She was screwing her unhappy face even more than when she walked in. “You’re
actually stirring the bacon right into the eggs? That bacon’s gonna be raw long after the eggs
are done.”
“Oh, right,” I said, putting a halt to what had a moment before seemed a perfectly fine
way of making a bacon and egg breakfast similar to Ma’s, with crunch and scramble all in one.
Truth was, I’d never watched Ma do it. “So – “I turned back to Margaret.
“Here,” she said, abruptly getting up. “And I’ll need another frying pan.”
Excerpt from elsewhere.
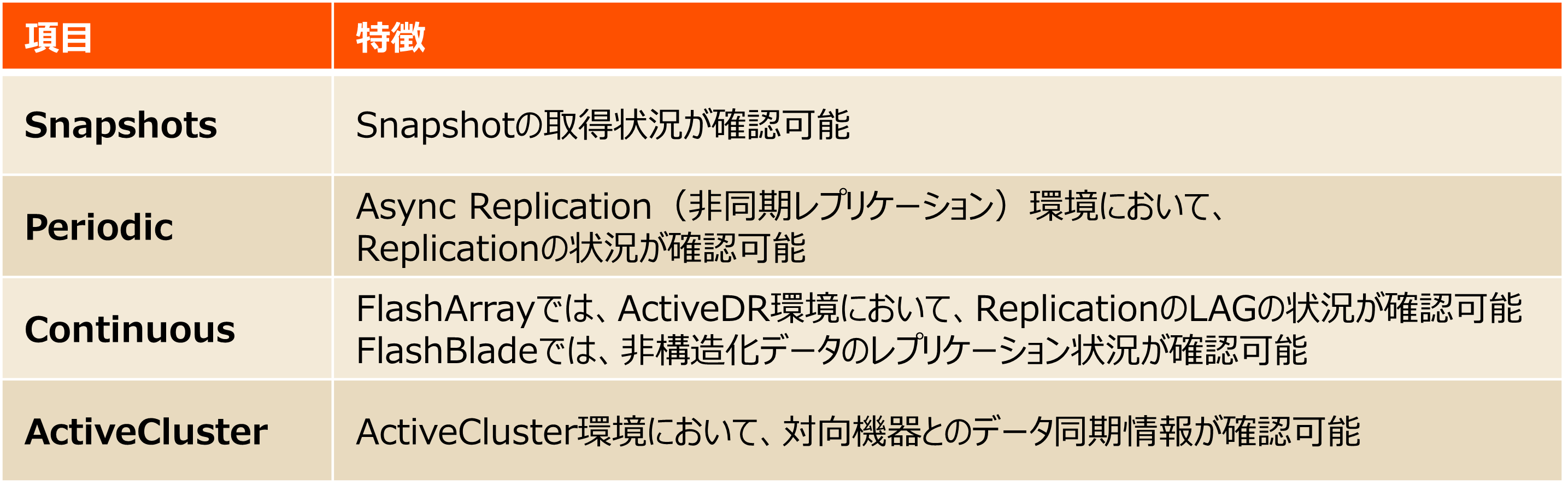 Pure1のPROTECTIONは、ログイン後のPure1画面の左側中部に存在するタブです。Everpure(旧:Pure Storage)社製品のデータ保護に関する管理機能を提供するツールとなり、下記4つの項目で構成されています。各項目の機能を表にしました。
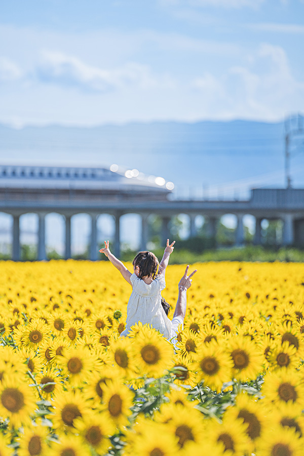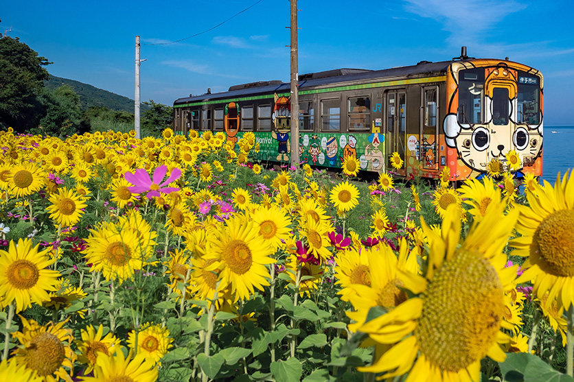 いまや大人気となった下灘駅が舞台の一枚です。地元の方が大切に育てた向日葵と、愉快な列車のコンビが夏の明るい季節を体現しています。列車のラッピングを上手に扱った好例です。よく見ると、お花も一輪ごとに姿が違いますね。また一輪だけ存在を主張するコスモスもおちゃめです。じっくり見ると個性が感じられます。画面全体が可愛らしく賑やかです。それでいて、そつなく上手に全体をまとめています。これほど可愛らしい鉄道写真は見たことがありません。きっと鉄道が楽しいと心の底から思うからこそ、撮影できた一枚だと感じました。

I got the pan from under the stove, meanwhile thinking, progress. At least she was
showing spunk. Enough spunk, it turned out, to fix the bacon/egg scramble to a turn while I
set the table and sliced the Danish.
But after that? Return to her morose, detached mood. And except for the clink of my
knife and fork and, every once in a while, hers, we went about the business of eating like it
truly was a business, with little in the way of pleasantries. My attempts at conversation were
minimal, pointless: “Do you enjoy playing organ?” “Have you ever thought of teaching?”
Her answers – that playing organ was okay and, as far as teaching it, she wouldn’t know
where to start – were so brusque that I decided maybe my choices for chit -chat needed some
revision. So while I sipped coffee and helped myself to another slice of Danish, I considered
other worthy subjects.
“Do you still live at home?” was the best I could do.
Her snapped “Nope” finally put a stop to my attempts at repartee. It was obvious she
wasn’t in the mood.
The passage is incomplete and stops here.